_Aim of the task_
Each record that follows is to be reproduced character for character, pictures excepted.
==== Given information
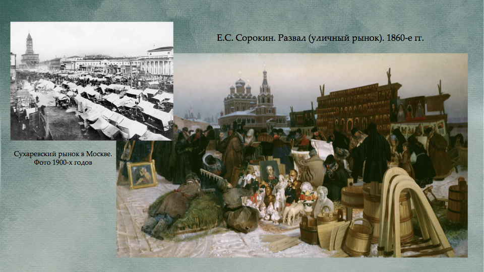 В середине XIX века рядовой москвич, если он хотел украсить картиной или иконой свой дом, покупал эти произведения на обычном рынке. Один из таких уличных рынков изображен в картине Сорокина «Развал». Ныне эта картина находится в Третьяковской галерее. Видно, что рядом на лотках находятся глиняные игрушки, бюсты Пушкина, Наполеона, целые иконостасы – все оформление для церкви, портреты знаменитых полководцев. Тут же и конская сбруя, и многие другие вещи.
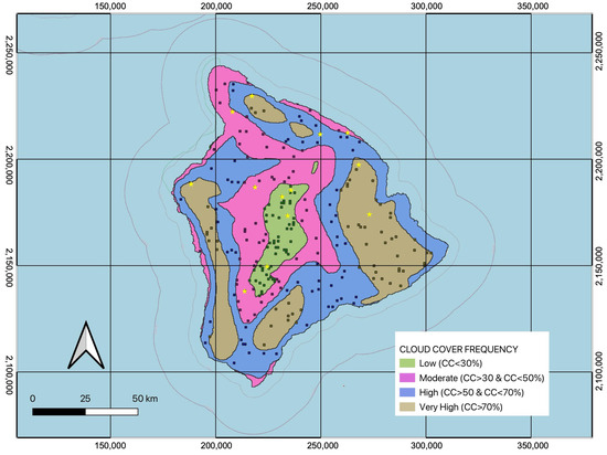 Cloud cover stratification across the island of Hawai’i, derived from data provided by the Hawaiian Climate Atlas [39]. The black squares represent the locations of the evaluated blocks (a total of 240 blocks, each covering 100 hectares) within each cloud cover stratum (60 blocks allocated to each cloud cover stratum). Yellow stars indicate the spatial distribution of the sample blocks presented in Results.
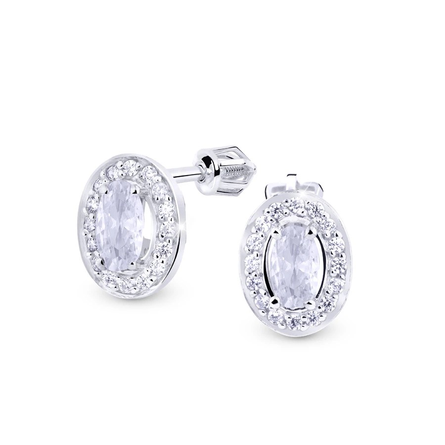 Zlaté náušnice se zirkony oválky. Náušnice jsou vyrobeny z bílého zlata 585/1000 a osazené jsou prvotřídními zirkony. Vysoká kvalita použitých materiálů Vám zaručí nadčasovou eleganci a bezchybný vzhled náušnic po mnoho let. Zapínání náušnic je na šroubek. Výška náušnic 9mm, šířka 7mm.
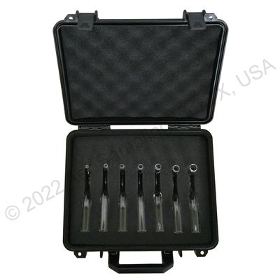 A collection of seven different sized sampling nozzles in one kit. The point at which the sampling gas enters the sampling train and the part of the sampling train which enters the smoke-stack/chimney. Ideally, the sampled gas should have the same velocity as the flue gas inside the stack (Isokinetic sampling ratio = 100%). This means that the nozzle size you use is determined by the velocity of the smoke-stack gas. Figure D.1, Annex D, ISO 9096:2003(E) is a good illustration of this.
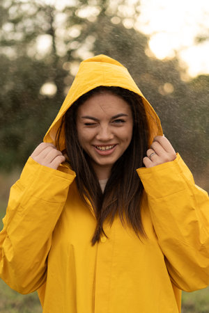 Young woman wearing yellow raincoat during the rain in the park enjoying the rain outdoors.
========
_Answer_
 В середине XIX века рядовой москвич, если он хотел украсить картиной или иконой свой дом, покупал эти произведения на обычном рынке. Один из таких уличных рынков изображен в картине Сорокина «Развал». Ныне эта картина находится в Третьяковской галерее. Видно, что рядом на лотках находятся глиняные игрушки, бюсты Пушкина, Наполеона, целые иконостасы – все оформление для церкви, портреты знаменитых полководцев. Тут же и конская сбруя, и многие другие вещи.
 Cloud cover stratification across the island of Hawai’i, derived from data provided by the Hawaiian Climate Atlas [39]. The black squares represent the locations of the evaluated blocks (a total of 240 blocks, each covering 100 hectares) within each cloud cover stratum (60 blocks allocated to each cloud cover stratum). Yellow stars indicate the spatial distribution of the sample blocks presented in Results.
 Zlaté náušnice se zirkony oválky. Náušnice jsou vyrobeny z bílého zlata 585/1000 a osazené jsou prvotřídními zirkony. Vysoká kvalita použitých materiálů Vám zaručí nadčasovou eleganci a bezchybný vzhled náušnic po mnoho let. Zapínání náušnic je na šroubek. Výška náušnic 9mm, šířka 7mm.
 A collection of seven different sized sampling nozzles in one kit. The point at which the sampling gas enters the sampling train and the part of the sampling train which enters the smoke-stack/chimney. Ideally, the sampled gas should have the same velocity as the flue gas inside the stack (Isokinetic sampling ratio = 100%). This means that the nozzle size you use is determined by the velocity of the smoke-stack gas. Figure D.1, Annex D, ISO 9096:2003(E) is a good illustration of this.
 Young woman wearing yellow raincoat during the rain in the park enjoying the rain outdoors.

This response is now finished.